CN109033834A - A kind of malware detection method based on file association relationship - Google Patents
A kind of malware detection method based on file association relationship Download PDFInfo
- Publication number
- CN109033834A CN109033834A CN201810781731.2A CN201810781731A CN109033834A CN 109033834 A CN109033834 A CN 109033834A CN 201810781731 A CN201810781731 A CN 201810781731A CN 109033834 A CN109033834 A CN 109033834A
- Authority
- CN
- China
- Prior art keywords
- paper sample
- label
- sample
- node
- file
- Prior art date
- Legal status (The legal status is an assumption and is not a legal conclusion. Google has not performed a legal analysis and makes no representation as to the accuracy of the status listed.)
- Pending
Links
Classifications
-
- G—PHYSICS
- G06—COMPUTING; CALCULATING OR COUNTING
- G06F—ELECTRIC DIGITAL DATA PROCESSING
- G06F21/00—Security arrangements for protecting computers, components thereof, programs or data against unauthorised activity
- G06F21/50—Monitoring users, programs or devices to maintain the integrity of platforms, e.g. of processors, firmware or operating systems
- G06F21/55—Detecting local intrusion or implementing counter-measures
- G06F21/56—Computer malware detection or handling, e.g. anti-virus arrangements
- G06F21/562—Static detection
Abstract
The invention discloses a kind of malware detection methods propagated based on label, using Coexistence as the incidence relation between paper sample, Jaccard similarity algorithm has been used to measure the similarity between paper sample, the k neighbour by choosing each paper sample constructs the incidence relation figure of paper sample as adjacent node.Label propagation algorithm is the semi-supervised learning algorithm based on figure that a kind of label information by marked node passes to unmarked node.On the basis of file association figure, learn the label information of unmarked paper sample using label propagation algorithm, finds Malware sample.
Description
Technical field
The present invention relates to a kind of malware detection method based on file association relationship, especially file unique characteristics to lack
Lose and in related information situation abundant.
Background technique
The fast development of Malware programming technique proposes huge challenge to computer and network security.Cause
This, anti-virus enterprise and market in urgent need develop new effective method and frame and protect use to cope with the viral threat of update
Family.Existing bogusware intelligent testing technology mainly using paper sample as single individual, analyzes extraction document sample
Feature, such as API Calls sequence, instruction sequence and string of binary characters etc., then maintenance data mining algorithm, such as simple pattra leaves
This, support vector machines etc. carry out viral diagnosis.However the incidence relation between paper sample implies a large amount of valuable information,
The incidence relation for ignoring them to analyze and detect Malware with certain limitation.The present invention is closed between paper sample
The angle of system is set out, and incidence relation and relationship type between paper sample are studied, and it is soft to propose the malice propagated based on label
Part detection model.
Summary of the invention
The technical problem to be solved by the present invention is to provide one kind and lack and related information feelings abundant in file unique characteristics
Under condition, a kind of malware detection method based on file association relationship.

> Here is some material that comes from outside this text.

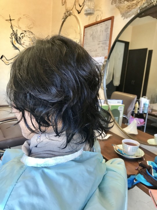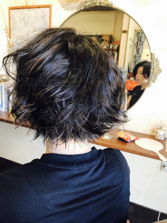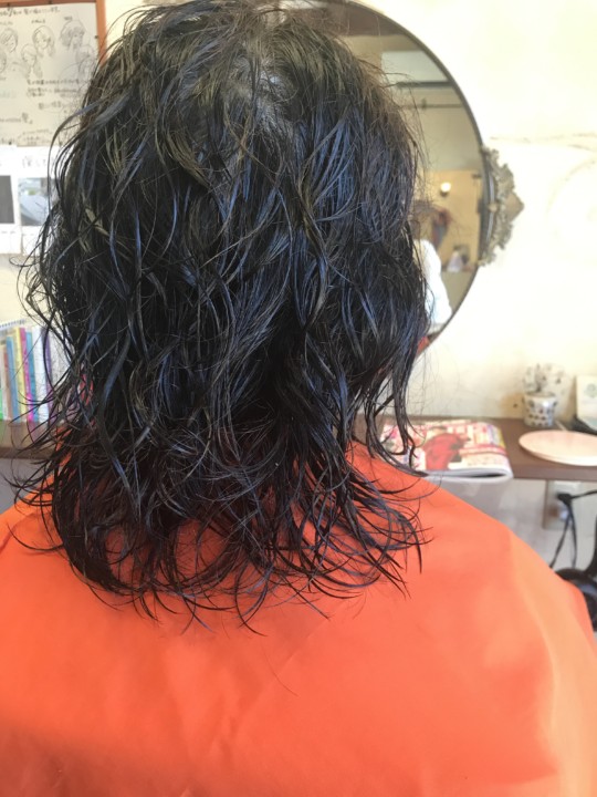 伸ばしかけの髪にパ一マをかける。

In order to solve the above technical problems, the technical solution adopted by the present invention is that, it is constructed according to the Coexistence of paper sample
The incidence relation figure of paper sample, and predict the label of paper sample to detect Malware sample according to label propagation algorithm.
Wherein, the incidence relation figure that paper sample is constructed according to the Coexistence of paper sample, using Coexistence conduct
Incidence relation between paper sample measures the similarity between paper sample with Jaccard similarity algorithm, herein
On the basis of the incidence relation figure of paper sample is constructed as adjacent node by choosing the preceding k neighbour of each paper sample.

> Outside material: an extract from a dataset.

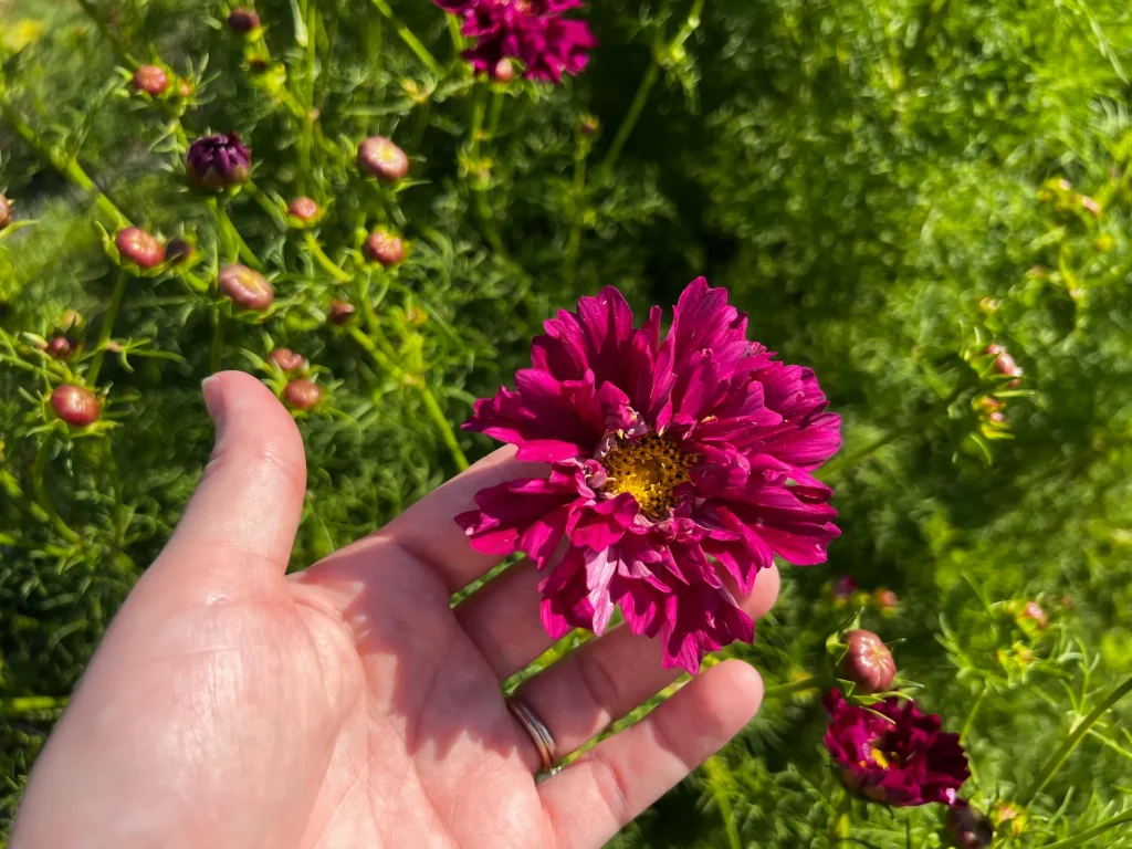 Keep an eye out for pests, though cosmos are usually low-maintenance and pest-resistant. Deadhead spent blooms to keep the plants flowering.

Preferably, the label propagation algorithm is that the label information of marked node is passed to unmarked node with pre-
Survey the label of unmarked node.
In the present invention, by the degree of coexisting between paper sample as the standard for measuring paper sample similarity, with this
Construct paper sample associated diagram.Defining file association figure is G=(V, E, W), and wherein V is the collection for representing the node of paper sample
It closes, E is the set of paper sample relationships between nodes, e (vi,vj)∈E,vi,vj∈ V indicates that there are a line connecting node viWith
vj, W is the set of each edge weight, i.e., each element is the similarity between corresponding two nodes.If CiFor node viIt is corresponding
File fiExisting terminal set.Here we measure the degree of coexisting of two files with Jaccard similarity, and formula is such as
Under:
Wherein, | C | it is the size of set C, i.e. total number of terminals existing for file.As can be seen that the value for degree of coexisting is one
A number between 0 and 1." 0 " indicates do not have Coexistence between two files, i.e., is never stored in same terminal simultaneously
On;Conversely, " 1 " then indicates that there are complete Coexistences between two files, there are certain dependences for possible two files.

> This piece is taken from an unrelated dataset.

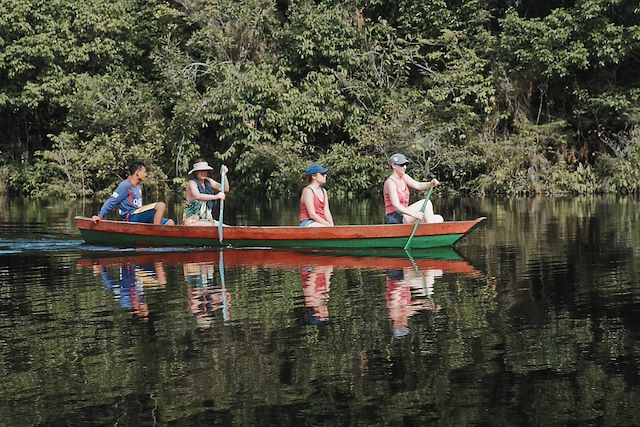 Nous commençons la journée par une exploration du fleuve Ariaú, idéal pour observer la richesse ornithologique de la région. Au fil de la navigation, quelques singes curieux peuvent se laisser apercevoir entre les branches. L’itinérance se poursuit avec un moment fort : la rencontre avec les botos, les dauphins roses emblématiques du Rio Negro. Plus tard dans l'après-midi, nous partons à la pêche aux piranhas pour en apprendre davantage sur ce poisson emblématique de la région. Si la météo le permet, nous terminons la journée en douceur devant le coucher du soleil à l’embouchure du fleuve. Nous concluons la journée, à la tombée de la nuit, en partant observer les "jacarés", les caïmans d'Amazonie.

In practical applications, paper sample and its co-existence information are collected from actual user client, acquisition
All paper samples and co-existence information is unrealistic, infeasible between them, therefore we only acquire suspicious file
The Coexistence of sample and marked file, which results in the loss of Coexistence between unmarked paper sample.In this chapter
In, we estimate the similarity between unmarked file using the Coexistence of unmarked file and marked file.Enable MiFor
Unmarked file fiThe set of the marked sample coexisted, then unmarked file fiAnd fjSimilarity are as follows:
In the present invention, file association relational graph is constructed using the construction strategy of k neighbour's figure, if paper sample fiIt is text
Part fjK neighbour, then connect them with a line, and the weight on side be both similarity.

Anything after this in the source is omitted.